Ich wurde gehackt, der Typ hat meine Items für echtes Geld verkauft und dadurch wurde ich gebannt  Seit dem zocke ich es auch nicht mehr. Ist mir einfach nicht mehr die Mühe wert, vor allem weils eh nur noch die Highleveler zocken und man in den Startgebieten kaum wen sieht, abgesehen von den Hauptstädten.

@Topic:
Nein.


----------



## Peter23 (3. Oktober 2011)

Katastrophal schrieb:


> Huhu, ich bin im Internat und kann auf dem PC dort nichts installieren. Ich würde aber gerne WoW weiterspielen, bissl farmen und mich für 4.3 ready machen. WoW gibts jetzt schon mehr als 6 Jahre, weiß jemand, ob es schon die Möglichkeit gibt, im Browser zu zocken. Web/Flash/Jawa ist alles da, gibts da ne möglichkeit ?? Wäre top.
> LG der David


 
Wenn ihr schon Untericht im EDV Raum habt, mach was für die Schule.


----------



## Rabowke (4. Oktober 2011)

Kerkilabro schrieb:


> Hört auf mit Wow Leute!
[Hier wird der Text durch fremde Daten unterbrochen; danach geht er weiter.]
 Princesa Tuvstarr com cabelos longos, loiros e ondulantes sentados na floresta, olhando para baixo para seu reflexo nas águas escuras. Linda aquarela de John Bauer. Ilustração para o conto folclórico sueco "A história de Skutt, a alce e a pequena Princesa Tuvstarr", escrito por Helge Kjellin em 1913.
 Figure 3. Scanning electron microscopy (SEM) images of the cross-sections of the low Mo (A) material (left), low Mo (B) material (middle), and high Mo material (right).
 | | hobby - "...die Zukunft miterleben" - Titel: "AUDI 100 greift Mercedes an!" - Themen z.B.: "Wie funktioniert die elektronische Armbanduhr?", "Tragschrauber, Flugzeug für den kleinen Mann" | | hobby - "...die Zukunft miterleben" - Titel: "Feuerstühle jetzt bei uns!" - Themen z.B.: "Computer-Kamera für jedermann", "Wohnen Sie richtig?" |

Hab es auch 3 Jahre lang gespielt was ich nun bereue!


Sowas versteh ich nicht. Wie kann man sowas 'bereuen'? Drei Jahre spielt man doch nicht ein Spiel aus Zwang, oder doch?
Bei mir gab es immer Phasen wo ich Lust auf WoW hatte, es dann gespielt habe ... und dann einfach aufgehört habe.

Ich hab bis vor drei Wochen auch an zwei Abenden regelmäßig WoW gespielt ... von heute auf morgen aber einfach wieder aufgehört.
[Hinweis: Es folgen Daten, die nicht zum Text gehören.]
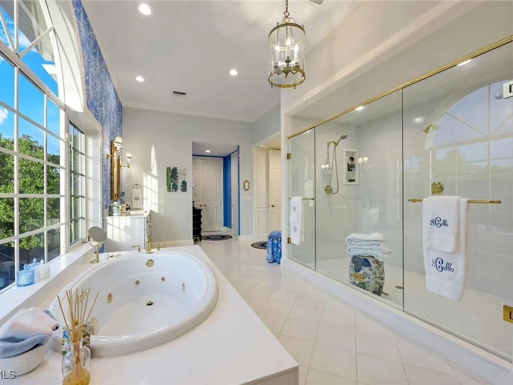 - Wet Bar, Bathtub, Closet Cabinetry, Dual Sinks, Eat-in Kitchen, French Door(s)/Atrium Door(s), Fireplace, High Ceilings, Jetted Tub, Kitchen Island, Multiple Shower Heads, Pantry, Separate Shower, Upper Level Primary, Bar, Walk-In Closet(s), Window Treatments, High Speed Internet, Split Bedrooms

Ich würde nie sagen ich hab es bereut, es hat ja Spass gemacht und man hat nette Menschen getroffen. Allerdings hab ich gemerkt das ich meine Zeit lieber in andere Dinge ( u.a. auch andere Spiele ) investiere.



Zocker15xD schrieb:


> Mein Tipp: Hör auf WoW zu suchten! Bringt dir später nichts!!!






> EDIT: Gibts denn keinen, der ihm richtig antworten kann?Leute, kommt schon...


So wie dein o.g. Beitrag? "WoW zu suchen" ist natürlich ne richtige Antwort. 

Zum Thema:
Mir fällt spontan nur OnLive ein, aber so ein System wird in Dtl. noch nicht 'live' sein. Ansonsten, es mag ja sein das du auf den Schul PCs keine Spiele / Software installieren darfst ( was gut und richtig ist! ), aber was spricht gg. deinen / einen eigenen Laptop?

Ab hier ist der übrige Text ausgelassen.